僕が総合診療医をめざすことを決めたきっかけは、2002年、研修医1年目の夏休み、タイのエイズ施設で知り合った欧米のGP(general practitioner)達との出会いだった。

「どのような患者のどのような症状も診られるようになりたい」という想いがあれば、今なら卒後直ちに総合診療医をめざせばいいわけだが、僕が卒業する頃にはまだそういう選択肢はなかった。学生の頃から、特定の領域で尊敬する先輩医師は複数いたのだが、完全なロールモデルはいなかった。

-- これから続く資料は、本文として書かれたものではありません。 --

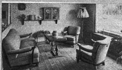
Malliges Klübmöbel-Arrangement. Kennt weder Mode noch Vergänglichkeit
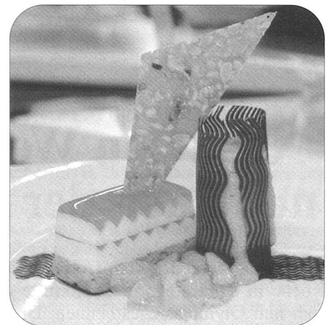
Wahre Kunstwerke präsentierte unsere Nationalmannschaft der Schweizer Militärköche in Erfurt.
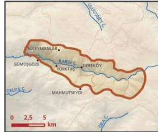
Kargı Çay Vadisi önemli doğa alanı topografya haritası

■ Koruma Çalışmaları : Alanda bilinen bir koruma çalışması yoktur.
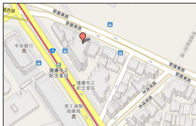
紡拓大樓/第一會議室位置圖
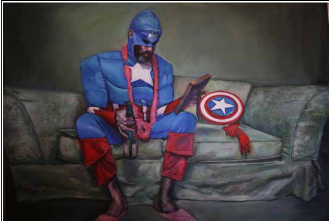
American Way of Life (0.80 x 1.20 cm.)
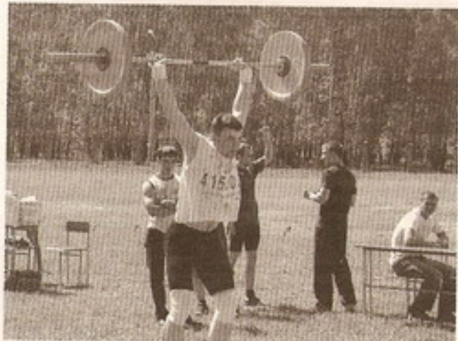
Штангисту и гиревнику тоже нужно умение, но главное — сила, альпинисту и по столбу, но только бы вверх.
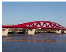
Ijssel Brücke (NL)
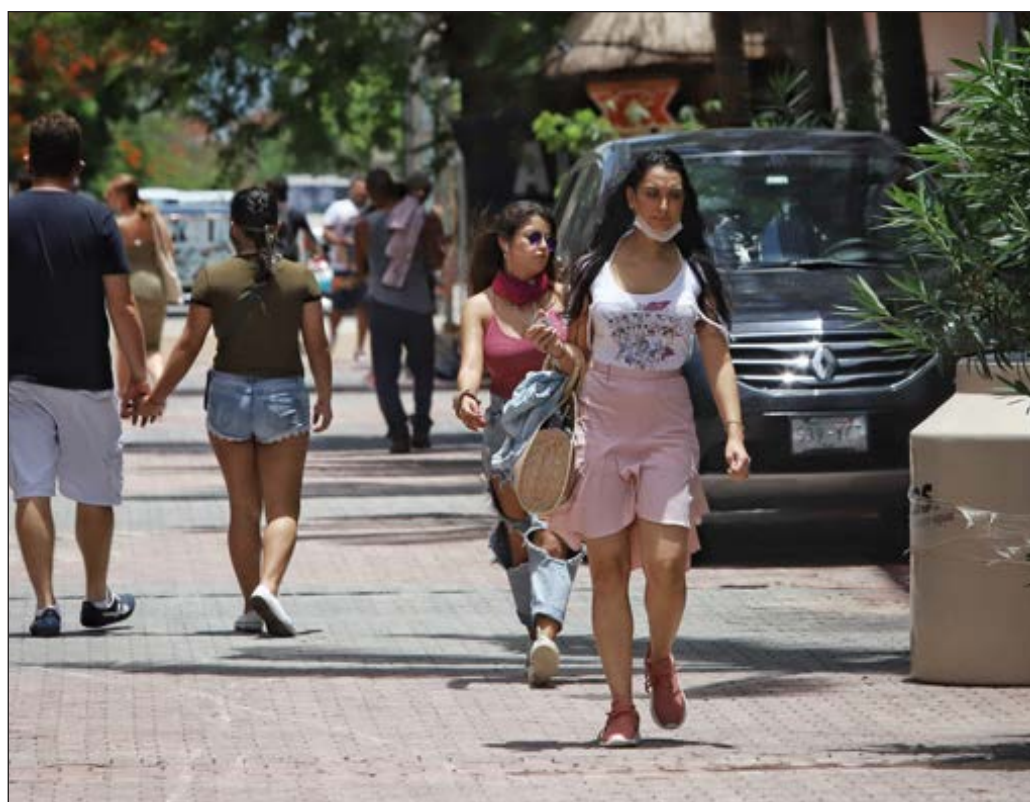
▲ Forzar el acatamiento de precauciones de sentido común da pie a la comisión de atropellos. En la imagen, peatones en Playa del Carmen.

Ni las actitudes autoritarias por parte de autoridades civiles ni las posturas irresponsables asumidas por organizaciones religiosas contribuyen a concientizar a la sociedad ni a reforzar las conductas informadas, sensatas y solidarias que tanto se necesitan en la actual circunstancia.
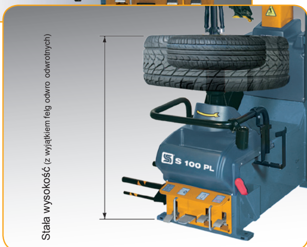
Stać wysokość (z wyjątkiem felg odwróconych)
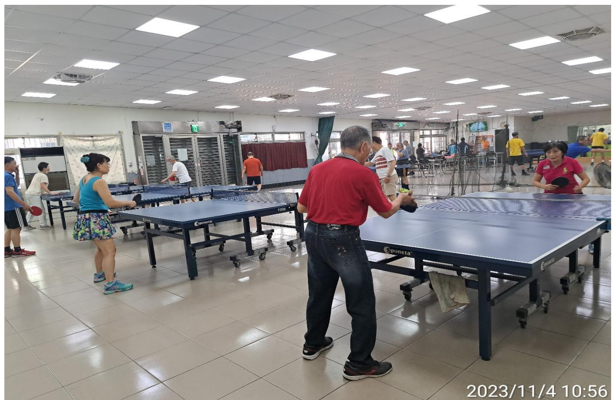
說明：萬大第二區民活動中心華中里長青會使用情形
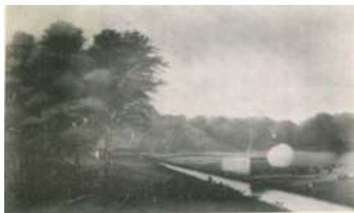
Gambar 3. Lukisan menjelang penyerangan pasukan Belanda ke benteng Ramonia yang dipertahankan Tumenggung Jalil. Idwar Saleh, 1982.

Tumenggung Jalil kemudian membuat benteng di Batu Mandi dan dari benteng ini dapat memutuskan hubungan serdadu Belanda antara Barabai dan Lampihong. Benteng ini terletak di atas sebuah bukit dan di sekitarnya diberi rintangan-rintangan, seperti parit-parit, lubang perangkap, tali jerat dan potongan pohon kayu besar yang sewaktu-waktu dapat digulingkan dari atas bukit. Benteng ini dipercayakan kepada Penghulu Mudin. Ketika serdadu Belanda menyerbu dan menaiki bukit yang dijadikan benteng ini, banyak sekali korban dari pihak Belanda, karena jebak yang dibuat. Diantara yang jatuh korban adalah pimpinan penyerbuan ini Sersan van de Bosch. Karena gagal menaiki benteng tersebut, serdadu Belanda menembaki benteng ini dengan meriam dari bawah. Sementara itu Pangeran Antasari memperkuat benteng Tabalong. Pangeran Antasari menaikkan bendera di atas benteng itu, yaitu bendera merah dengan dua buah keris bersilang.
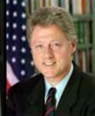
Neo Classic President Pen
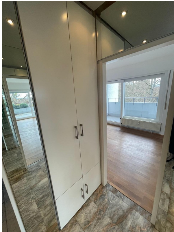
Einbauschränk im Flur
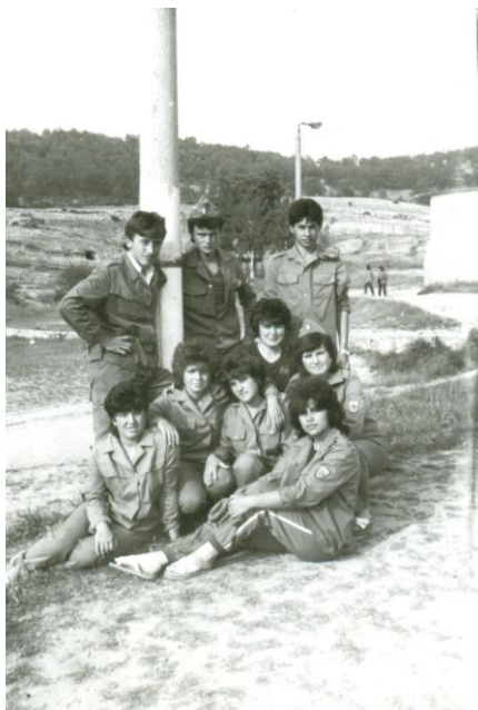
Подкова – 1987год.
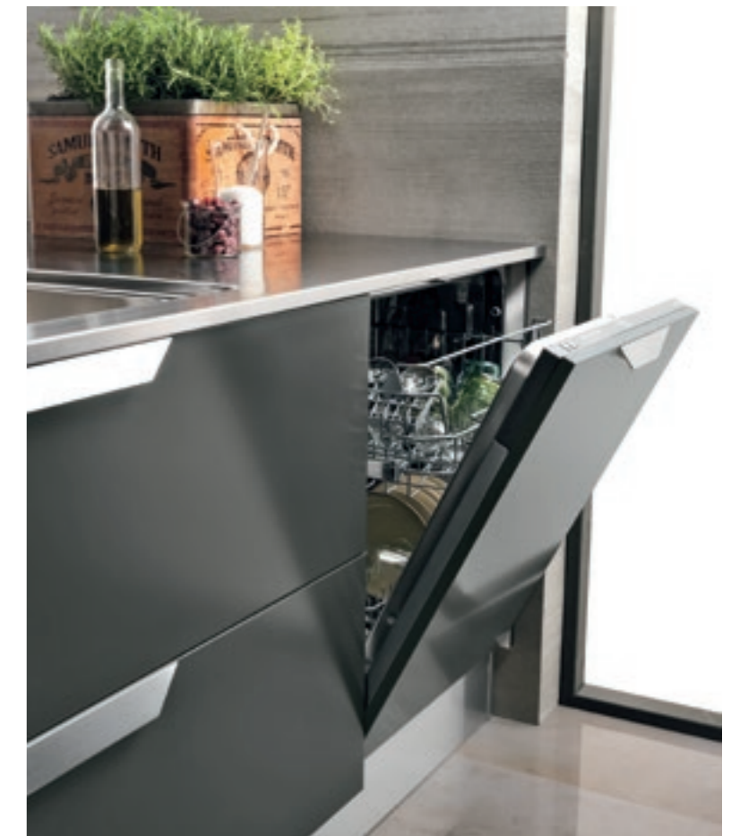
ARTEC ESSENZA / 95
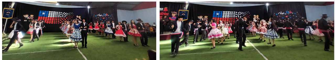
Segundo medio A. Baile: La Jota
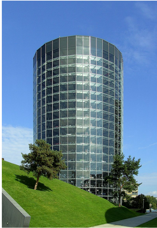
Bâtiment où les acheteurs viennent récupérer leurs voitures
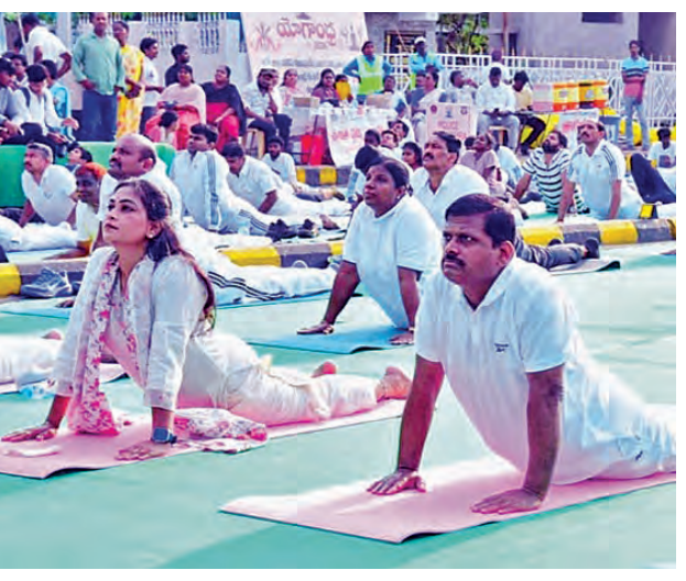
ఆదివారం విజయవాడలో యోగాసనాలు చేస్తున్న హోంమంత్రి వంగలపూడి అనిత
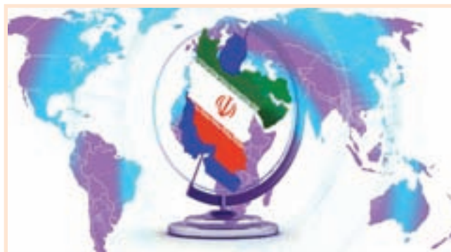
تصویر ۱-۲- جمهوری اسلامی ایران در بین کشورهای منطقه از امنیت ملی بالایی برخوردار است
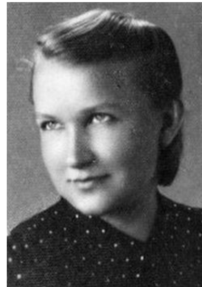
Elżbieta Zawacka - jedyna kobieta wśród cichociemnych
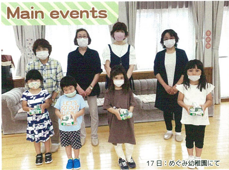
17日：めぐみ幼稚園にて
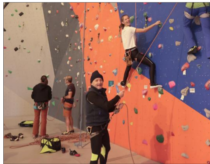
L'équipe du site a encadré les participants débutants. Avec le sourire.

lune... On l'aura compris, le Climbing Mulhouse Center (ou CMC) a voulu faire de ce rendez-vous populaire et solidaire une grande fête et les amateurs du genre sont venus de tout le bassin mulhousien, de Thann et même de Belfort pour s'attaquer à ces murs de 25 m de verticalité sur le plus haut mur d'escalade intérieur de France.
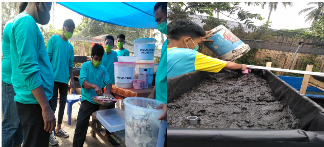
Gambar 3. Pembuatan Fermentasi dan Media lumpur untuk cacing
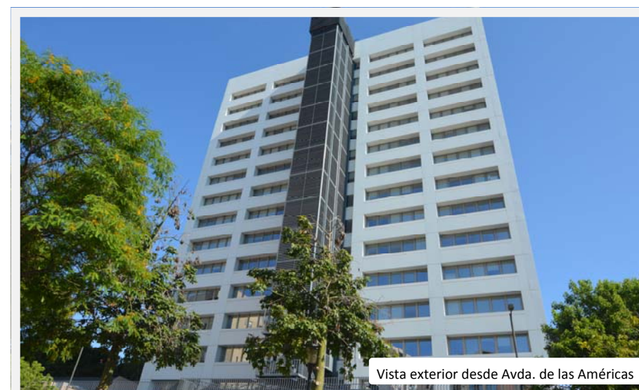
Vista exterior desde Avda. de las Américas
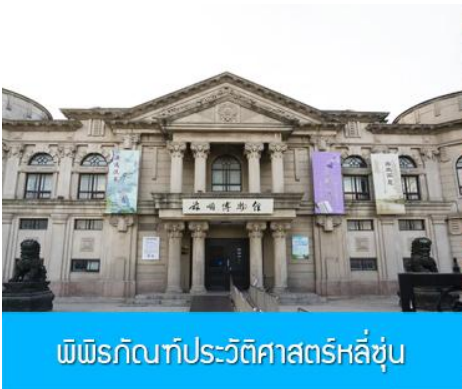
พิพิธภัณฑสถานประวัติศาสตร์หลี่ซุ่น

นำท่านเที่ยวชมและเก็บภาพ ณ สถานีรถไฟหลี่ซุ่น 旅顺火车站 เป็นสถานีปลายทางของเส้นทางรถไฟสาขา เส้นหยาง - ต้าเหลียน สร้างขึ้นในปีค.ศ. 1903 ออกแบบโดยสถาปนิกชาวรัสเซีย เป็นอาคารอิฐก่อปูนผสม โครงสร้างไม้ตามสถาปัตยกรรมรัสเซีย.
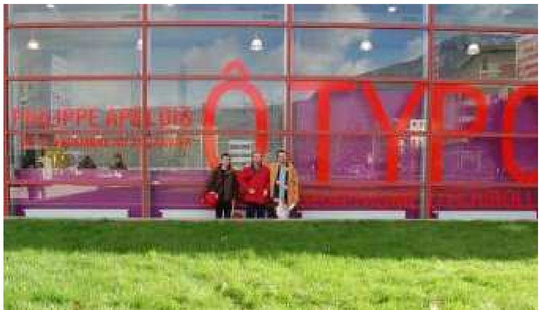
Representación española en 'le mois du graphisme d'Echirrolles', en Francia.

El centro del grafismo de la villa francesa de Echirrolles ( www.graphisme-echirrolles.com , www.teaching-design.com , www.ville-echirrolles.fr ) organiza desde noviembre hasta enero una serie de acontecimientos y exposiciones relacionadas con el mundo del diseño gráfico y de la comunicación visual, con muestras tan significativas como 'Caractères sportifs' (la escritura como ventana abierta sobre la civilización china), 'We love books!-A world tour' (una panorámica internacional sobre la producción mundial contemporánea), 'Livres d'artistes' (piezas importantes de las bibliotecas de la villa de Echirrolles), 'Ó typó' (el universo tipográfico de Philippe Apeloig a través de carte-
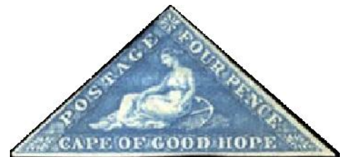
Famoso error de Cabo Buena Esperanza

Estudiaba y ayudaba a su padre, quien le permitía exponer unas hojitas llenas de sellos colocadas detrás de los cristales de la botica. Cierta día se presentaron unos marineros con un saco de los
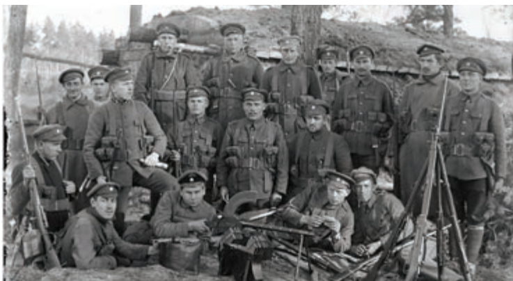
6. Rīgas kājnieku pulka 3. bataljona karavīri ierakumos Rīgas apkaimē Bermonta armijas uzbrukuma laikā 1919. gada oktobris - novembris.

Bermontiādes notikumi Latvijas vēsturē ieguvuši leģendāru statusu, jo Latvijas armijas uzvara pār Bermonta karaspēku pie Rīgas faktiski izšķīra Latvijas Neatkarības kara jeb Brīvības cīņu iznākumu. Pēc I Pasaules kara vācu ģenerālis Rīdigers fon der Golcs nepameta Latviju un slepeni noslēdza līgumu ar krievu pulkvedi Pāvelu Bermontu. Viņiem laika posmā no 1919.gada jūnija sākuma līdz oktobrim izdevās sagrupēt ap 45 tūkstošus karavīru savai vācu un krievu algotņu armijai, kuras rīcībā bija ap 100 lielgabalu, 600 ložmetēju, 120 lidmašīnu un cita tehnika. Arī Latvijas armijas vadībai 1919.gada vasaras beigās kļuva skaidrs, ka steidzami jāstiprina aizsardzība ap Rīgu. Gaidot bermontiešu uzbrukumu, tiek izveidota Latvijas armijas dienvidu frontē 32km garumā ar aptuveni 20 tūkstošiem karavīru.

僕がエイズ施設を訪れた理由は、エイズとはどのような病で、いったい自分には何ができるのかを知りたい、というもので、わずか1週間の滞在だったがとても勉強になった。しかしそれ以上に「収穫」となったのが、欧米のGP達との出会いだった。

学生の頃から「うちの科ではありません」「専門外で分かりません」という医師の言葉に違和感があった。一方、タイで出会ったGP達は、すべての訴えを聞き、自身で対処できるケアを行い、困難な事例は領域にかかわらず自身で調べ、必要に応じて専門家の意見を聞くよう努めていた。当時のタイではまだ抗HIV薬が使用できず、HIV陽性者はほぼすべての医療機関から拒否されていた。そのため、このような施設で患者に寄り添うGPの存在がものすごく大きかったのだ。

これが医師のあるべき姿ではないか、と感じた僕は、帰国後、残りの研修期間でできるだけ多くの疾患を学ぶことを誓った。研修医期間終了後、再びタイに渡り同じ施設で数カ月のボランティに従事し、GPをめざしたいという気持ちが微塵も変化していないことを確信し、帰国後、母校の大阪市立大学の総合診療部の門を叩いた。

大学で学べることは限られているため、複数の病院や診療所にも勉強に行かせてもらい、そして医局に籍を置きながら開業に至った。タイで欧米のGP達の姿に感銘を受けてから現在に至るまで一貫して感じていることがある。「総合診療医の需要はものすごく多い」というものだ。

当院には開業以来絶えない2つの“主訴”がある。1つは「他のどこでも診てもらえなかった」、もう1つは「複数の疾患を同時に診てほしい」だ。「医師は飽和している」などと感じたことは一度もない。